There is an airplane at an altitude of 12000 ft. The angle of depression is 1 degree. How far on the ground is the plane.
Did you make a sketch?
if so , you will see that
tan 1° = 12000/x , where x is the distance along the ground
x = 12000/tan 1° = .....
"How far on the ground is the plane ? " sounds like a very strange question.
To find the distance on the ground, we can use basic trigonometry.
Let's assume that the distance on the ground is represented by x.
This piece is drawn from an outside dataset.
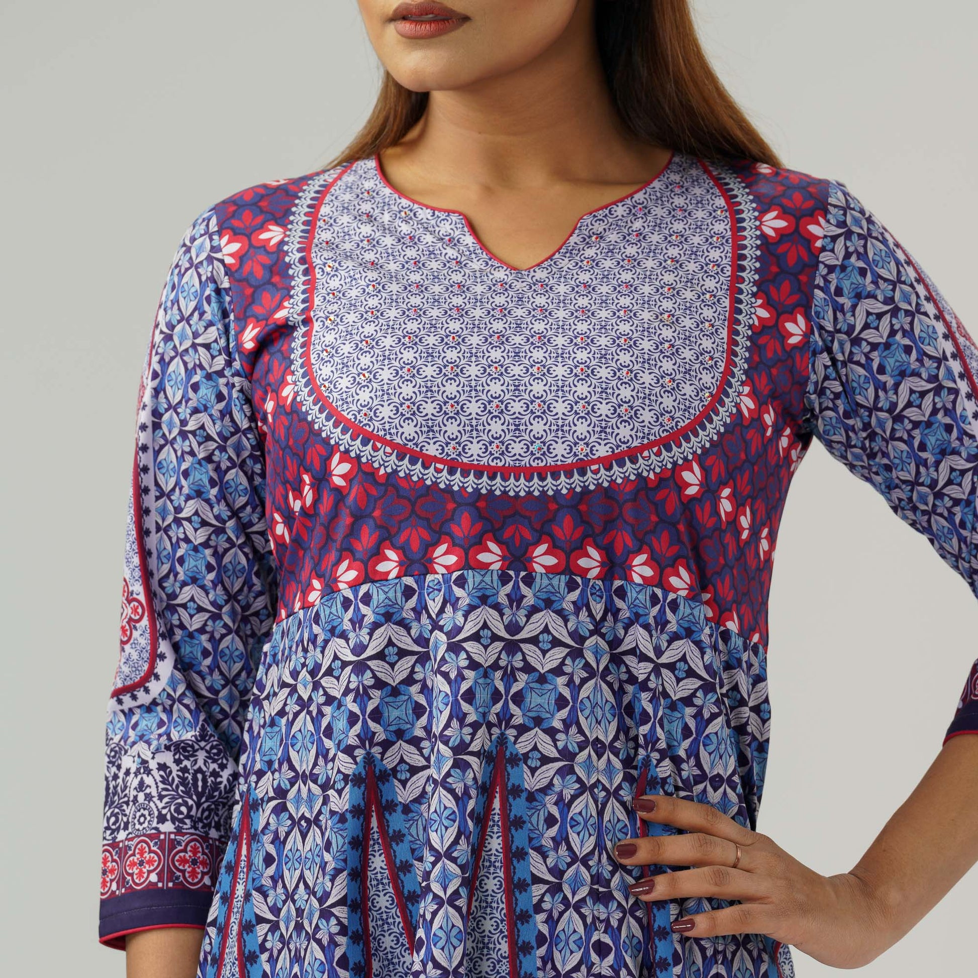 This elegant three piece set is designed for any celebrations. The kalidar kameez is crafted from digitally printed blended cotton, offering a graceful and airy feel. Paired with a solid-colored pant and a beautifully printed georgette orna, this set blends tradition with modern elegance, making it a perfect festive outfit.

We have an angle of depression of 1 degree, which means that the angle formed between the line of sight from the observer to the airplane and the horizontal ground is 1 degree.
In a right triangle, the angle of depression is the angle between the hypotenuse (the line of sight) and the horizontal ground. The side opposite the angle of depression is the altitude of the airplane (12000 ft), and the side adjacent to the angle of depression is the distance on the ground (x).
Using the trigonometric function tangent (tan), we can set up the following equation:
tan(1 degree) = opposite/adjacent
tan(1 degree) = 12000/x
Now, we can solve for x by rearranging the equation:
x = 12000 / tan(1 degree)
Using a scientific calculator, we can calculate the value of x.
Note: Make sure your calculator is set to degree mode when calculating trigonometric functions in degrees.
x ≈ 685942 ft
Therefore, the airplane is approximately 685,942 ft away from the observer on the ground.